THE PROBLEM: Write out exactly the lines below starting at the one containing "Гель-лак с бликами, переливы" and ending at the one containing "Black, White &". Omit every picture.

SOURCE RECORDS:
[Start of Attachment]
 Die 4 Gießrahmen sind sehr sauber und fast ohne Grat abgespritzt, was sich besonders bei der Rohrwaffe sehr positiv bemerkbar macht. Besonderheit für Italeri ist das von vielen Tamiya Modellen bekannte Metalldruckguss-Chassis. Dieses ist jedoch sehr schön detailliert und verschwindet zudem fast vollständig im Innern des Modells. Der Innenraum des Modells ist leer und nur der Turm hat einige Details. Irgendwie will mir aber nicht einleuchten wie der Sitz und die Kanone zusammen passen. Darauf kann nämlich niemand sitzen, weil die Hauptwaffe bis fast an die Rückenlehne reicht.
[End of Attachment]
[Start of Attachment]
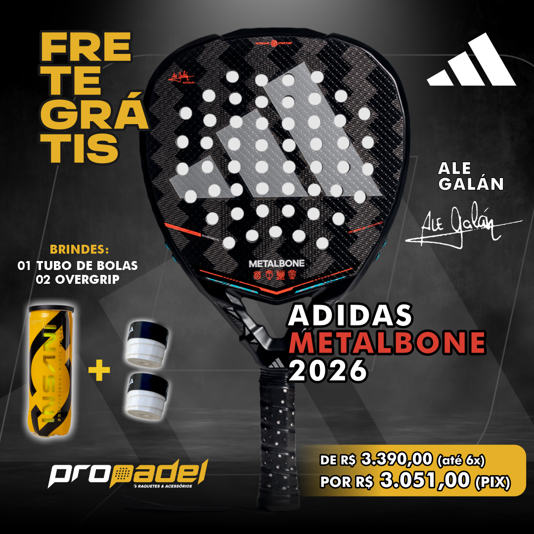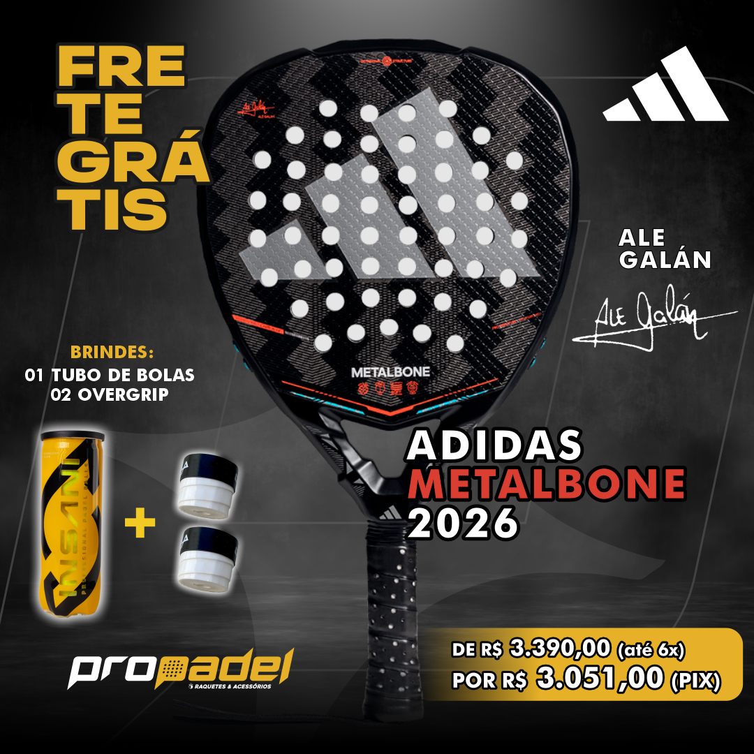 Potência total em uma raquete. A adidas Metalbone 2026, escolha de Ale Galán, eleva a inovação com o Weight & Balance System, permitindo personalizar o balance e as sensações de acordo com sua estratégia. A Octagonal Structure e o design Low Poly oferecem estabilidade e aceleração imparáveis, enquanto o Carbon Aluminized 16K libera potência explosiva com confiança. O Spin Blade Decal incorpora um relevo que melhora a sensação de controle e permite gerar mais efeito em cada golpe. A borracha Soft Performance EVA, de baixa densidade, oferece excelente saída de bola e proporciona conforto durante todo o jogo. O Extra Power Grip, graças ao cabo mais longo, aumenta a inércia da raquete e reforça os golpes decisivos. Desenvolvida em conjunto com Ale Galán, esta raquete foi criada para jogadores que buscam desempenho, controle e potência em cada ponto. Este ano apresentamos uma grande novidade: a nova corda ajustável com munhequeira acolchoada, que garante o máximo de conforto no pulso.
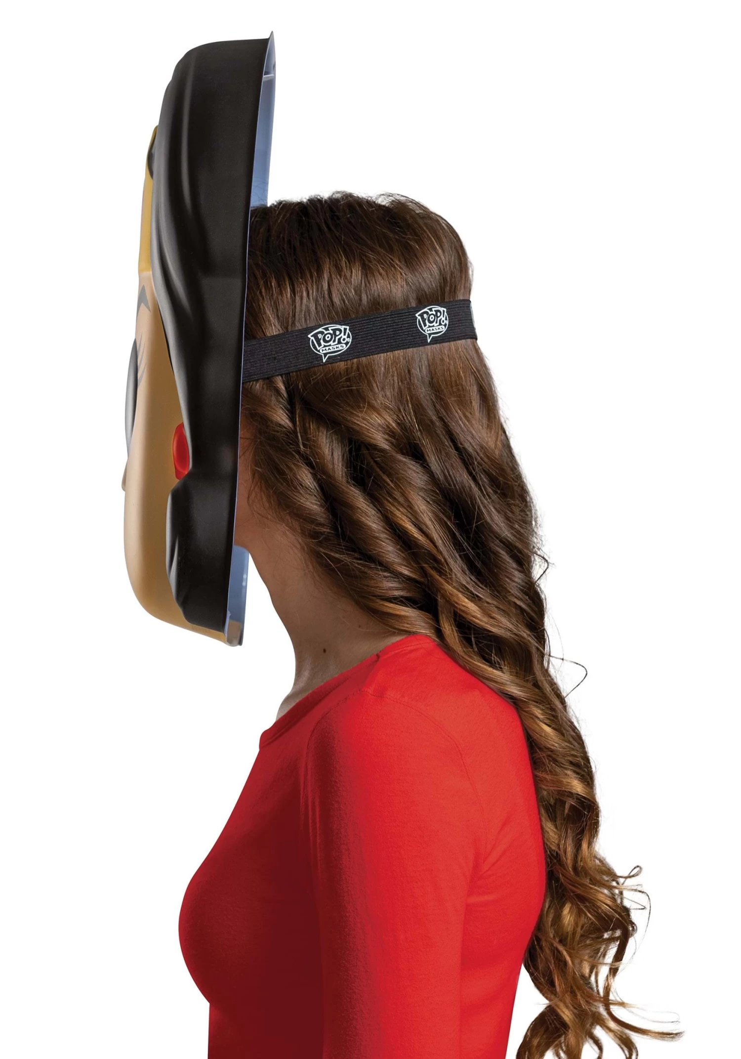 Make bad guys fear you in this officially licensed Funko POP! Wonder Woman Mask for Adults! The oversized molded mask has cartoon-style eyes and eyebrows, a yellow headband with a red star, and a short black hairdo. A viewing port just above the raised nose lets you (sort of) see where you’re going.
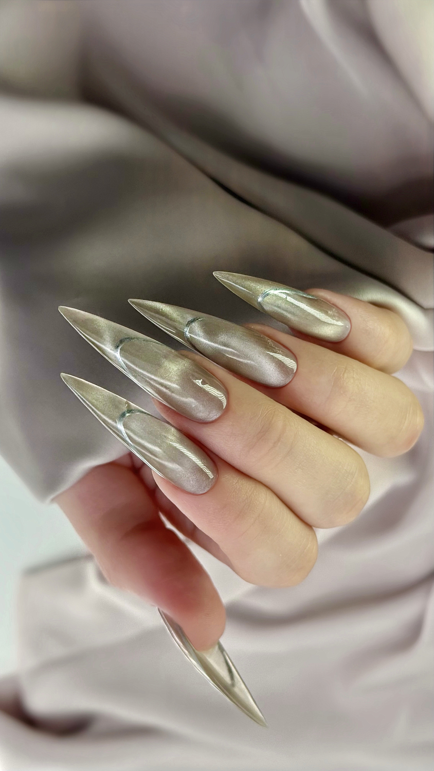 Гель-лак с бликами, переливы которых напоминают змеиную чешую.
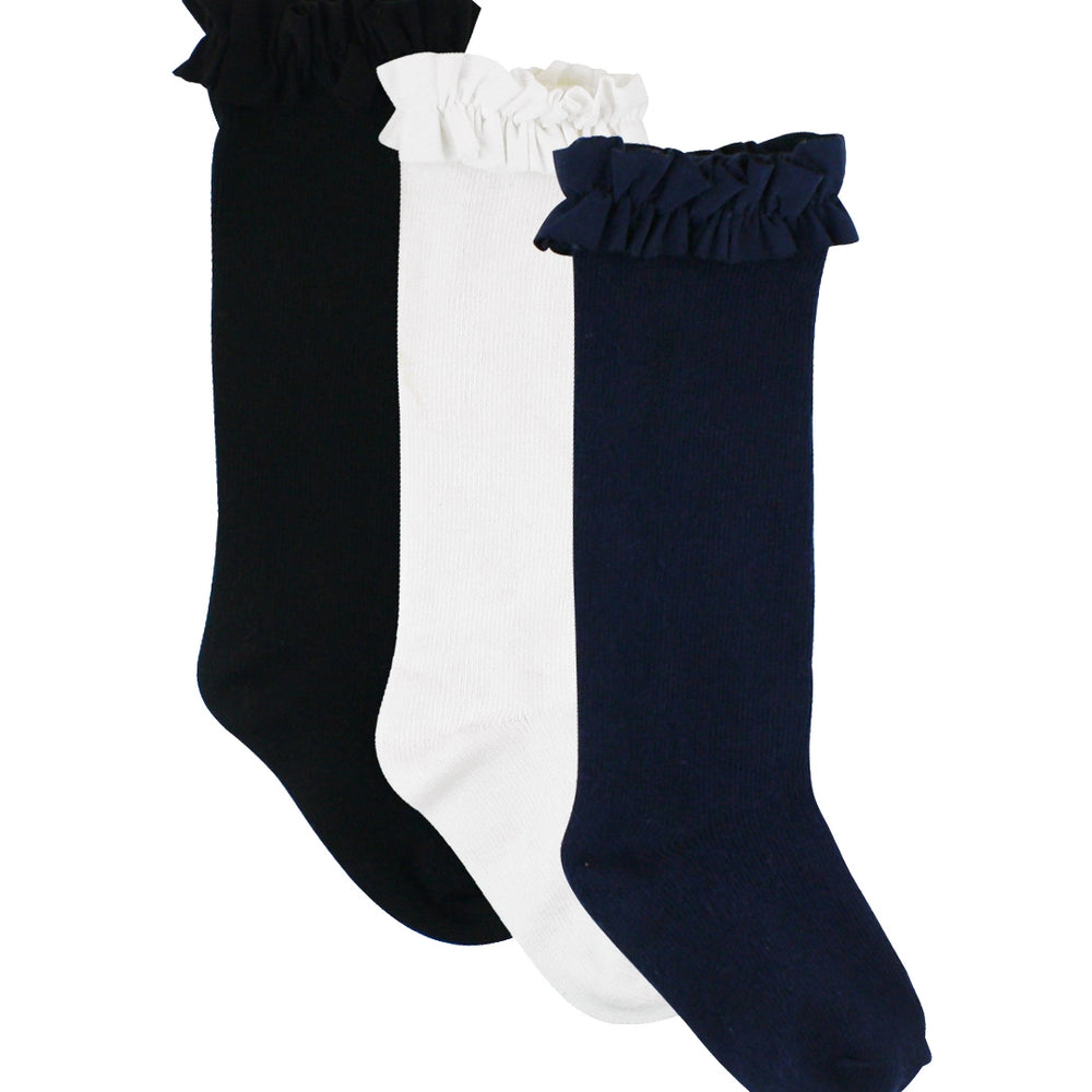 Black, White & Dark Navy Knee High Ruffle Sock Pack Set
[End of Attachment]
RESPONSE BELOW:
 Гель-лак с бликами, переливы которых напоминают змеиную чешую.
 Black, White & Dark Navy Knee High Ruffle Sock Pack Set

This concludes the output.